I was reminded of A Beautiful Mind, where the figure of John Nash is portrayed as a paranoid schizophrenic working in some capacity for this same establishment.  However, in Nash’s case, he too had deep state connections that may have justified his paranoia.  Perhaps Hughes was justified in his paranoia, given the intimately details of secret plans he had, but the curiosities do not end there.  The occult comes into play with the figure of Crowleyan figure Jack Parsons, who worked for Hughes.  Parsons is famous for inventing the jet-propulsion engine, which Scorcese has Hughes reference towards the close of the film, deeming rockets the “future.”  Hughes was thus intimately aware of the esoteric and occultic principles Parsons based his rockets on, including a desert ritual attempting to invoke the Antichrist known as the Babalon Working.

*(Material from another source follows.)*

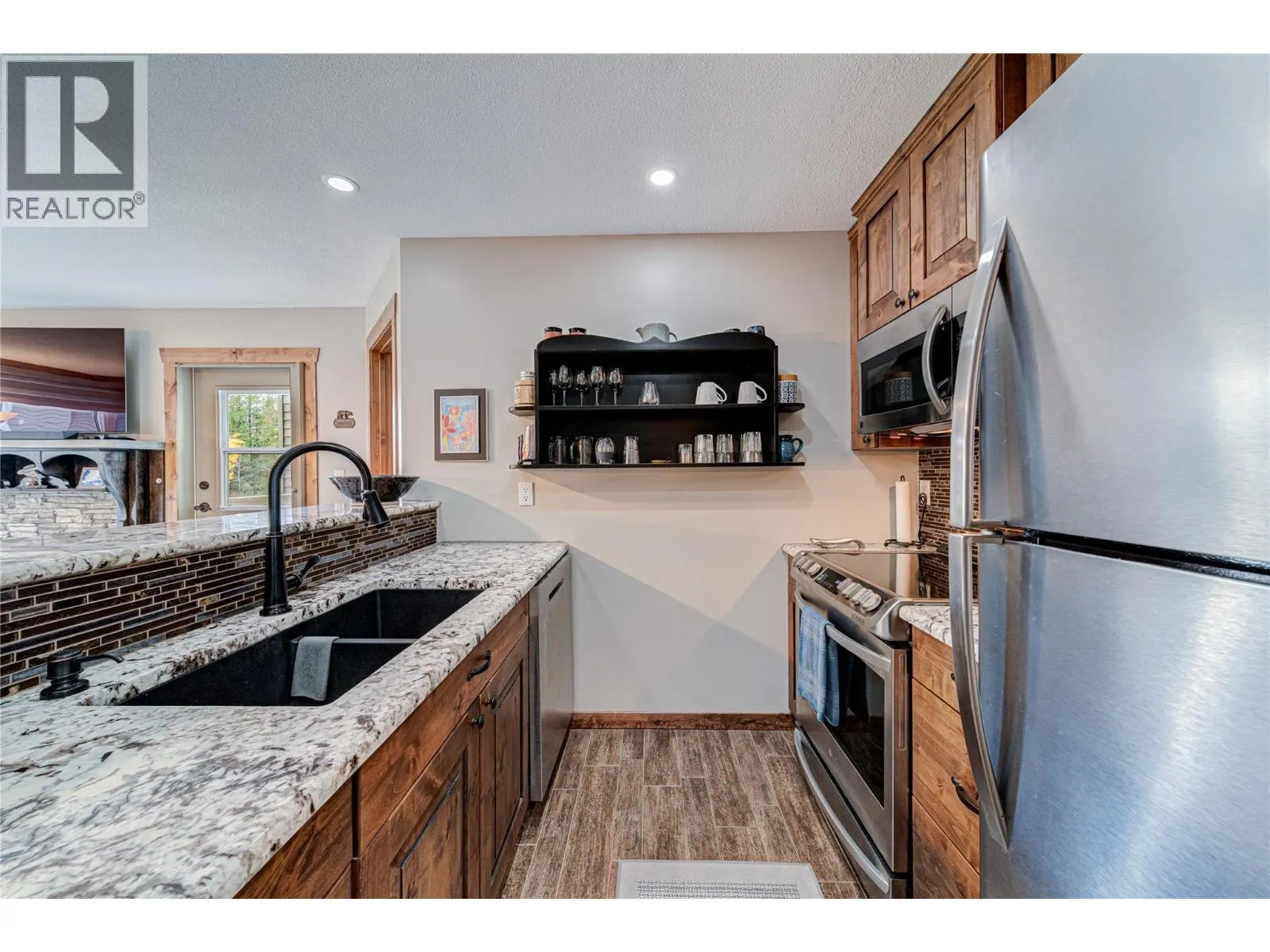 Beautifully updated 2-Bed, 2-Bath condo in Spruce Lodges, Timberline Crescent on the Fernie ski hill. This suite has been tastefully updated with a added features like a coffee bar, granite countertops, modern mountain finishes, built-in -storage, walk in showers just to name a few. With a built in murphy bed you have additional living and bedroom options. The suite includes an additional stand up freezer and in-suite laundry. This suite comes furnished, so ""turn key"" ready for the upcoming ski season. Enjoy stunning mountain view from the large windows or from your private deck. There are 2 storage lockers included and the building shares a covered hot tub, great room, sauna, BBQ, picnic tables and green space. There are no rental restrictions and no GST. This suite is perfect for full-time living, a getaway, or investment property. Contact your agent to view this beautiful mountain retreat today! (id:27476)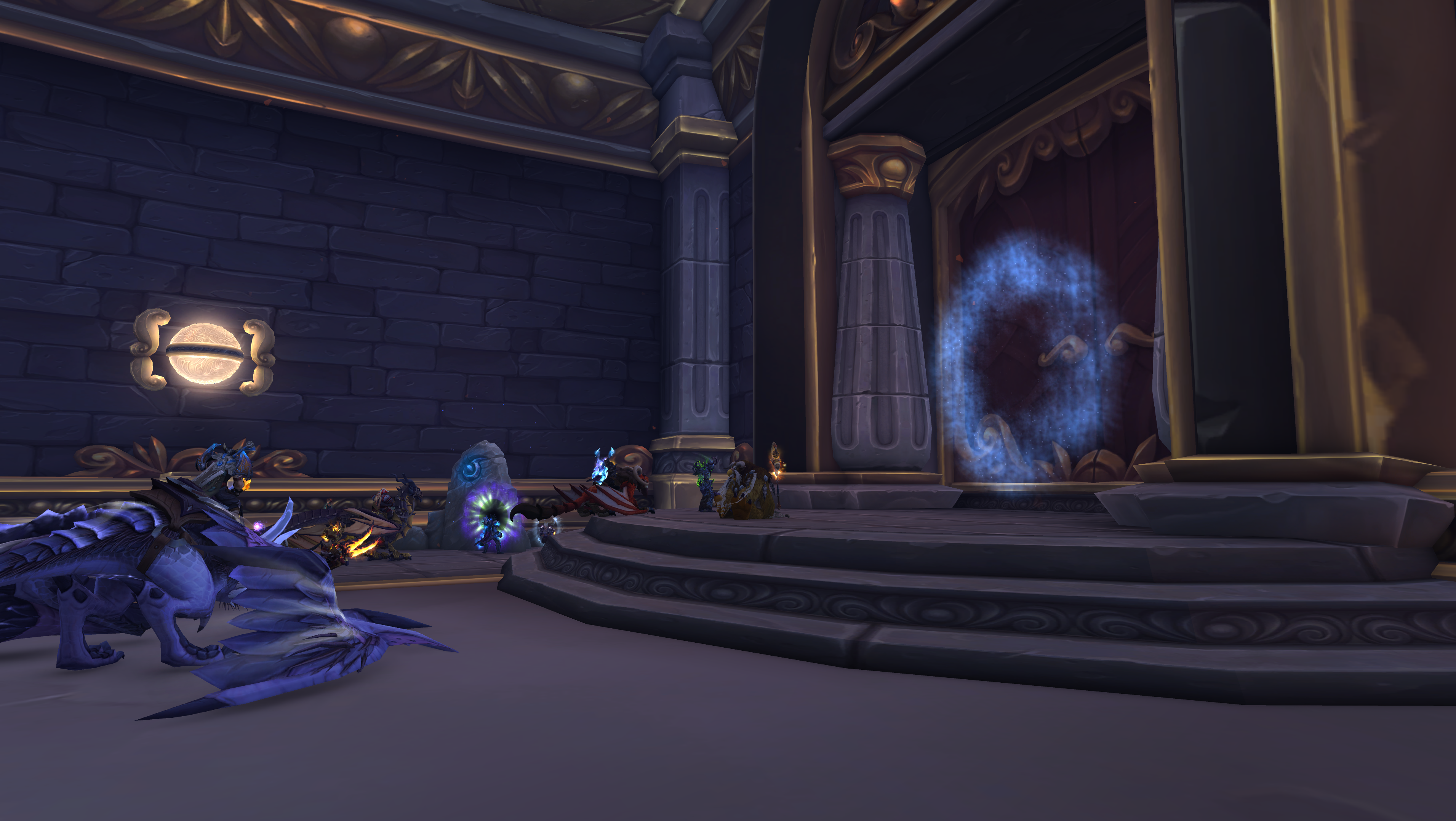 You can easily Dragonride down in a straight line while keeping an eye on the tiered structure until you see the summoning stone for the dungeon. Once you see a mass of people, you’ll know you’re in the right place.

Another neat tidbit worth considering is that Orson Welles’ Citizen Kane was originally intended to center around Hughes, and not William Randolph Hearst.  Welles, however, did include a section of his masterful F for Fake on the hoaxed biography of Hughes by Clifford Irving, adding more mystery to the mix.  For readers interested in more details about Hughes and his deep state connections, my primary source was Levenda’s Sinister Forces, Volume II, pages 74-80, but I’m sure much more could be dug up.
Regardless, Hughes is emblematic of the intelligent, hard-working driven country guy who fell into the ranks of the establishment, only to find his life ruined.  This is not to say he was a pure victim, but the contradictions and paradoxes around Howard Hughes are like the contradictions and paradoxes of America itself – like a sincere child that signs onto a dark establishment with nefarious ends, and signing on to evil always results in self-destruction.  Scorcese’s film is an accurate depiction of that paradox, and hints at all the connections I’ve outlined above.